A 50-year-old man presented with a week history of feeling unwell and urinary symptoms. He was confused. His wife gave H/O 2 stone weight loss. Recent investigation for haematuria showed 3.6 cm bladder tumour. He underwent TURBT and the histology was awaited. No other significant PMH or family H/O. Not on any medication and was an ex-smoker.

Initial investigations showed leucocytosis and evidence of UTI. CXR showed chronic fibrotic changes. As a part of confusion screen his calcium level came very high at 3.94 with normal PO₄. His creatinine was 135 and LFT was normal.

Further investigations including TFT, Vitamin D and PSA were normal. SST showed peak Cortisol of 523. PTH was appropriately suppressed. His ACE level and serum electrophoresis were normal. Histology from bladder resection showed poorly differentiated TCC with squamous differentiation as well (T3N1M0). Bone scan showed no evidence of bone metastasis. Unfortunately, he deteriorated very rapidly. Whole body CT at this stage showed ascites and extensive mediastinal, para-aortic and pelvic lymphadenopathy and peritoneal seedling.

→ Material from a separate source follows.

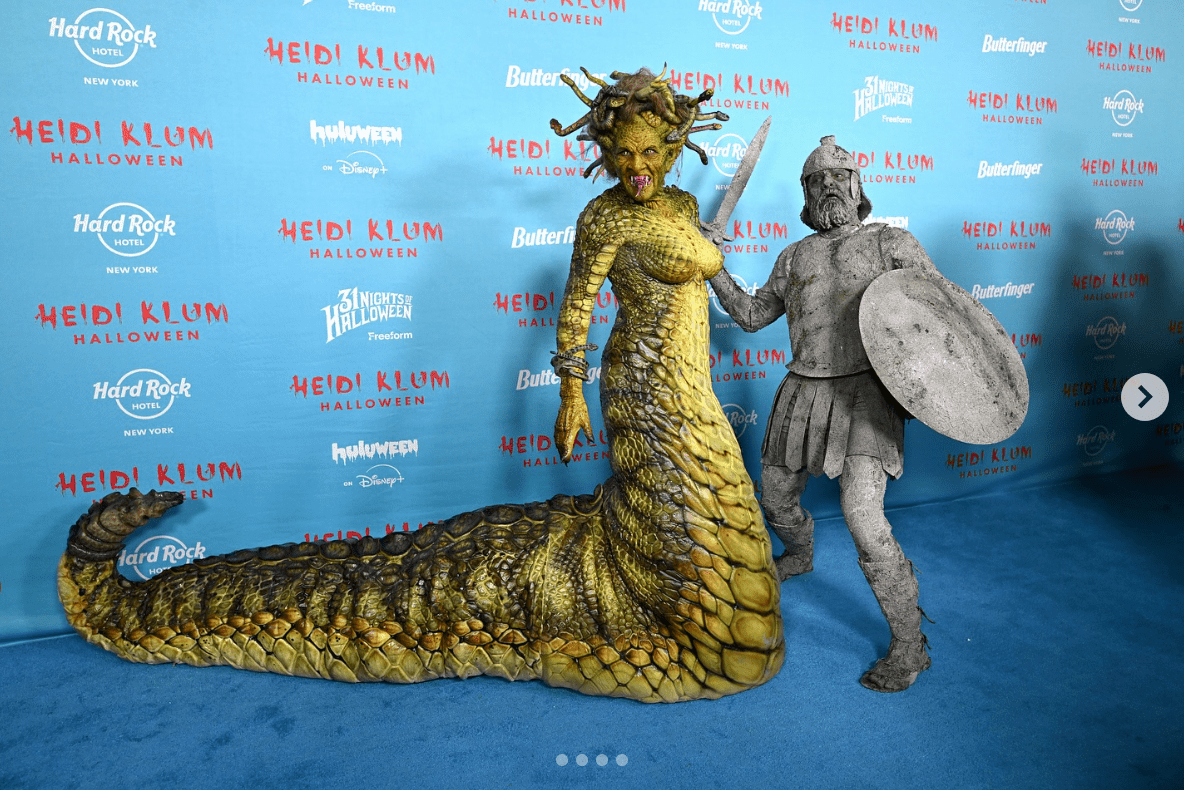 Традиційно головною зіркою свята стала Гайді Клум, яка цього разу втілила образ Медузи Горгони — з лускатою шкірою, зміями замість волосся та гострими іклами. Її чоловік Том Каулітц доповнив образ, зігравши воїна, перетвореного на камінь.

Calcium started creeping up. In view of his tumour load, he was considered not suitable for any intervention from the Urologist as well as Oncologist and died shortly thereafter.

The cause of hypercalcaemia was assumed to be humoral and was confirmed by a 10-fold raise in PTHrP level.

Hypercalcaemia in malignancy is usually due to osteolytic secondaries which are mediated via cytokines. Humoral hypercalcaemia mediated by PTHrP is the cause of hypercalcaemia in 80% of malignancies, usually solid tumours that has not caused lytic secondaries. Association of PTHrP and hypercalcaemia in bladder tumour is very rare.

We present a rare association of PTHrP secretion from a bladder tumour.

A literature search reveals very few similar cases.